> _EXERCISE PROMPT_
Begin your copy at the line with "Marilyn has graced" in the records below and end it at the line with "CASQUETTE BRODEE LOUP", restating each line word for word; omit the pictures.

> _DATASET_

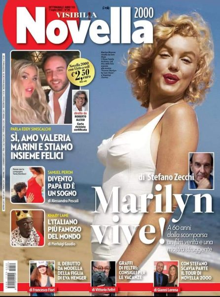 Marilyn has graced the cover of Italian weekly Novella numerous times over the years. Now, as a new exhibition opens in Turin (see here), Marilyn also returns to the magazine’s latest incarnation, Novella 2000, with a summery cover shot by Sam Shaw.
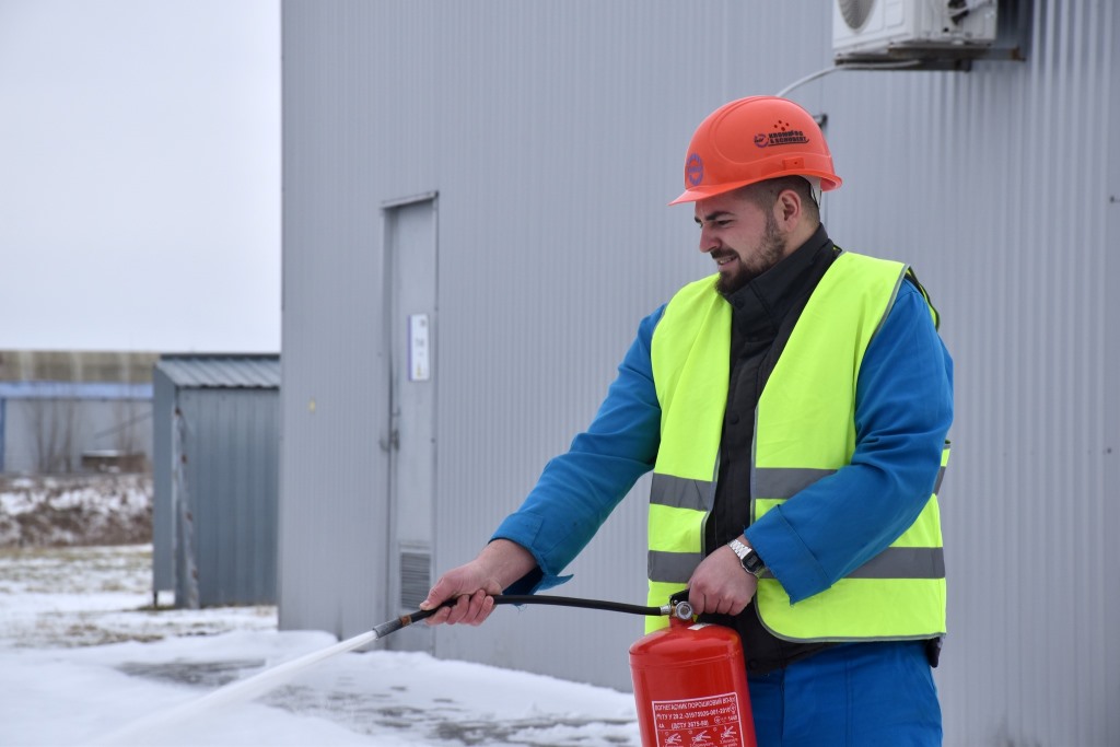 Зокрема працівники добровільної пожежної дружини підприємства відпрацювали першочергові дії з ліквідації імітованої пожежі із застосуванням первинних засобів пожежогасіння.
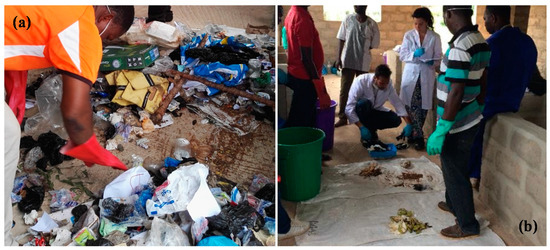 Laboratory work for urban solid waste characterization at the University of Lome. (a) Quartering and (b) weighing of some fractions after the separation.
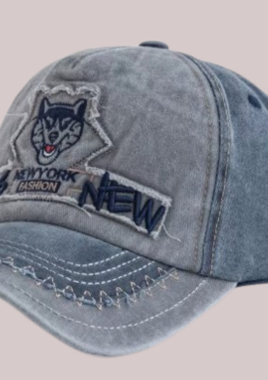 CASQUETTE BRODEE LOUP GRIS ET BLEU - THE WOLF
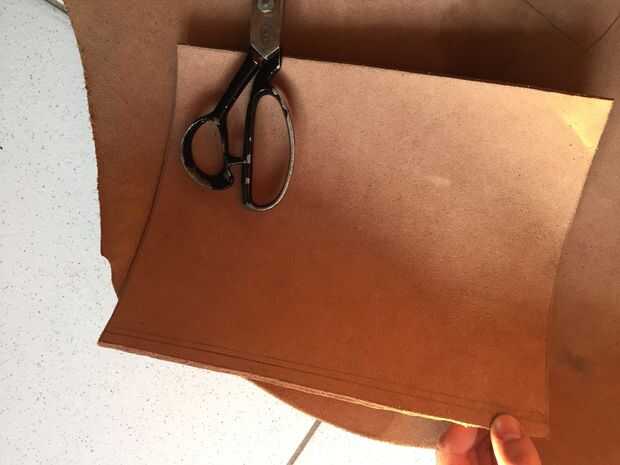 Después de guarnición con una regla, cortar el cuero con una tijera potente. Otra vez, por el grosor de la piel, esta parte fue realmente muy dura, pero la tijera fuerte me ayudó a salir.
==
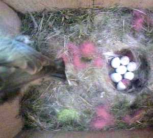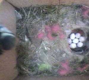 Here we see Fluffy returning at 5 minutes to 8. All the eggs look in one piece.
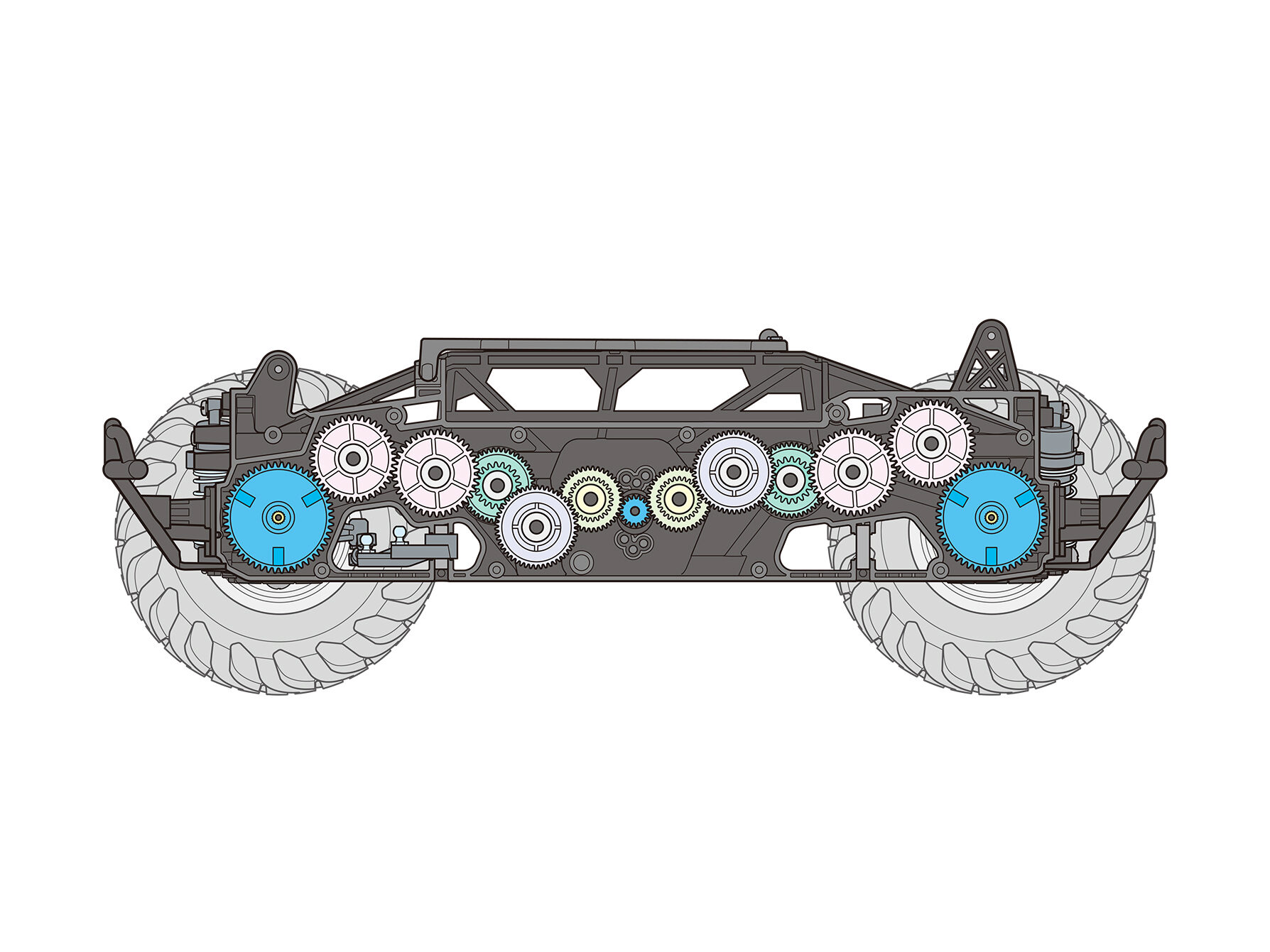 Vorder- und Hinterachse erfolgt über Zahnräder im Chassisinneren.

> _RESPONSE AREA_
 Marilyn has graced the cover of Italian weekly Novella numerous times over the years. Now, as a new exhibition opens in Turin (see here), Marilyn also returns to the magazine’s latest incarnation, Novella 2000, with a summery cover shot by Sam Shaw.
 Зокрема працівники добровільної пожежної дружини підприємства відпрацювали першочергові дії з ліквідації імітованої пожежі із застосуванням первинних засобів пожежогасіння.
 Laboratory work for urban solid waste characterization at the University of Lome. (a) Quartering and (b) weighing of some fractions after the separation.
 CASQUETTE BRODEE LOUP GRIS ET BLEU - THE WOLF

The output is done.